— Exercise objective —
Each line from the one containing "羅德里戈在賽后被歐冠官方評為" through the last line of the entries below is to be transcribed exactly. Nothing else belongs in the reply.

— Information given —
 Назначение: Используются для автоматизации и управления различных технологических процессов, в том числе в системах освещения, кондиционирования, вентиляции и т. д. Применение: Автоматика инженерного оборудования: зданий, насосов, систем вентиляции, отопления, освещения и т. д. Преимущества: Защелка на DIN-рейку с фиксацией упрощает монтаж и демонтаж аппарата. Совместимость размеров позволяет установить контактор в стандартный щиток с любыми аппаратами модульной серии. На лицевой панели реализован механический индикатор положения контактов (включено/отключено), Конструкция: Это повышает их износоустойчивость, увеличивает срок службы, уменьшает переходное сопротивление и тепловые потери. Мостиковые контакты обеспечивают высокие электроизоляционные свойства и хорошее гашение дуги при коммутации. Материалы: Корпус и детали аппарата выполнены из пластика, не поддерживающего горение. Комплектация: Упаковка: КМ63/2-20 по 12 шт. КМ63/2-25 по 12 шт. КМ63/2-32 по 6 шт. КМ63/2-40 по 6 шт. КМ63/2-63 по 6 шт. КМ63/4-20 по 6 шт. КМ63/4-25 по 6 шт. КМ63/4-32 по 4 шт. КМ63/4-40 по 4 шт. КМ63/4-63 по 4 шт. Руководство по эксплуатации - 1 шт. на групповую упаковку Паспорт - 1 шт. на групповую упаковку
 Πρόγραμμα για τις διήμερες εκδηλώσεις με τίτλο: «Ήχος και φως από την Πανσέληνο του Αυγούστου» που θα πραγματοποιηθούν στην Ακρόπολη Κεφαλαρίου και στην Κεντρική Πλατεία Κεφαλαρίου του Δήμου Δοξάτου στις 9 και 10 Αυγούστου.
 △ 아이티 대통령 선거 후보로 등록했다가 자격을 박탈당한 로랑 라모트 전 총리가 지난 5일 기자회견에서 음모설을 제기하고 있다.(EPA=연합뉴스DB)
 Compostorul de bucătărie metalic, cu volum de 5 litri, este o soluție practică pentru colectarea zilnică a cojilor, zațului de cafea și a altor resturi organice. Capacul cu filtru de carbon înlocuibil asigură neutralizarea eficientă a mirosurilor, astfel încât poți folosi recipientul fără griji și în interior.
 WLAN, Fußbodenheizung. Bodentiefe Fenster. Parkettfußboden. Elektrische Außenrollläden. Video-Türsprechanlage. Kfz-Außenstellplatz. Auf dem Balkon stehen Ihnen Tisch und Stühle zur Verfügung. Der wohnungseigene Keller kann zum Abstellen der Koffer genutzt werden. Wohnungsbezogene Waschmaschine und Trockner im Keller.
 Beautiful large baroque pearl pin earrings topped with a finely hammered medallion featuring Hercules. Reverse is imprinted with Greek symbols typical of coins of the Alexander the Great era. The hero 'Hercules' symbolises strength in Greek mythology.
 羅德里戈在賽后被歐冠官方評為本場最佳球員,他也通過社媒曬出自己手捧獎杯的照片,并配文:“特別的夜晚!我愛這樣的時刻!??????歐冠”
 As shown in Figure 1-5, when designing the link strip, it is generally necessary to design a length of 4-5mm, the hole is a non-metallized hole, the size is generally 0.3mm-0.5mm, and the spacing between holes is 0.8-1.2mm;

— Worked solution —
 羅德里戈在賽后被歐冠官方評為本場最佳球員,他也通過社媒曬出自己手捧獎杯的照片,并配文:“特別的夜晚!我愛這樣的時刻!??????歐冠”
 As shown in Figure 1-5, when designing the link strip, it is generally necessary to design a length of 4-5mm, the hole is a non-metallized hole, the size is generally 0.3mm-0.5mm, and the spacing between holes is 0.8-1.2mm;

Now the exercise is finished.